According to a 2022 Ripple and BCG Tokenization Report (distributed via ADDX materials), tokenized RWA projections are $9.4 trillion in 2030 and $18.9 trillion in 2033, in addition to a cited 53% CAGR assumption.
McKinsey has separately argued that tokenization in financial services is moving from pilot to scale.
On the payment side is Artemis’ Stablecoin update for October 2025 reported that stablecoin payments increased from $6.0 billion in February to $10.2 billion in August, an increase of 70%.
It is also estimated that more than $136 billion has been settled since 2023, a backdrop that explains why tokenized cash, settlement stablecoins, and yield-bearing cash equivalents are coming together into a single product category.

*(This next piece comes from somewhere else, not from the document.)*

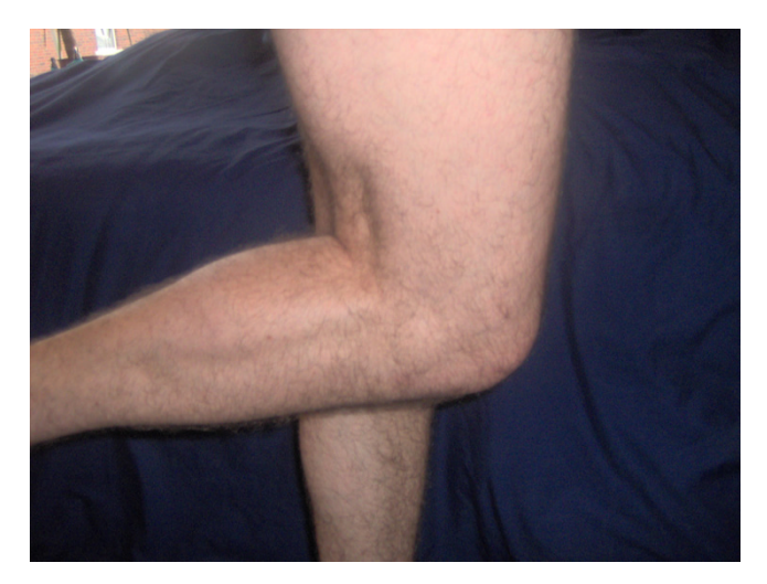
Figure 7 Reduced flexion of the right leg prior to surgery.

There are no reported cases of ACL rupture following pathogenesis of this type. The literature shows that arthroscopic debridement of the abnormal tissue effectively relieves symptoms [16,3,6,17,13,18,19]. However, this inevitably results in a thinned ACL, which could compromise joint stability. Cases in the literature report no instability in day-to-day activities following debridement

Reducing regulations remains part of the solution
According to Reuters In its report on IOSCO’s tokenization work, the securities watchdog has warned that tokenization could introduce new risks or increase existing ones, including concerns about market integrity and investor protection, even if there are efficiency gains.
These concerns are directly related to how an institutional XRP yield pack would be evaluated.
They include what token holders legally own, how redemption and settlement work when the underlying asset is off-chain, whether strategy returns are verifiable, and how liquidity mismatches are handled when on-chain transfers can occur instantly, but off-chain service windows cannot.
If the return sources include derivatives or basic strategies, the gating problem becomes transparency in positions, counterparties, risk limits and liquidation waterfalls.
It also includes whether separation of custody involves reporting that complies with institutional controls.
XRPL’s own roadmap offers tools that align better with the ‘permissioning and control’ thesis than the ‘farm APY’ model.
XRPL.org documents Multifunctional tokenswhich add metadata and transfer control features designed for tokenization.
It also documents Deep Freeze, which provides controls at issuer level to limit frozen containers.
The roadmap also includes references for ledger attestations that can support authorized flows.
These primitives are relevant as SBI Ripple Asia and Doppler aim to build yield and RWA rails that can be used by institutions that require suitability checks, transfer restrictions and defined powers of issuers under regulatory agreements.
For now, the announcement commits the parties to investigation under an MOU and names SBI Digital Markets as the anchor for custody and compliance.
That leaves the following milestones for product design: scope of eligible investors, mix of revenue sources, disclosure and attestations, token form factor, redemption mechanisms, and how on-ledger controls are actually used in production rather than described in documentation.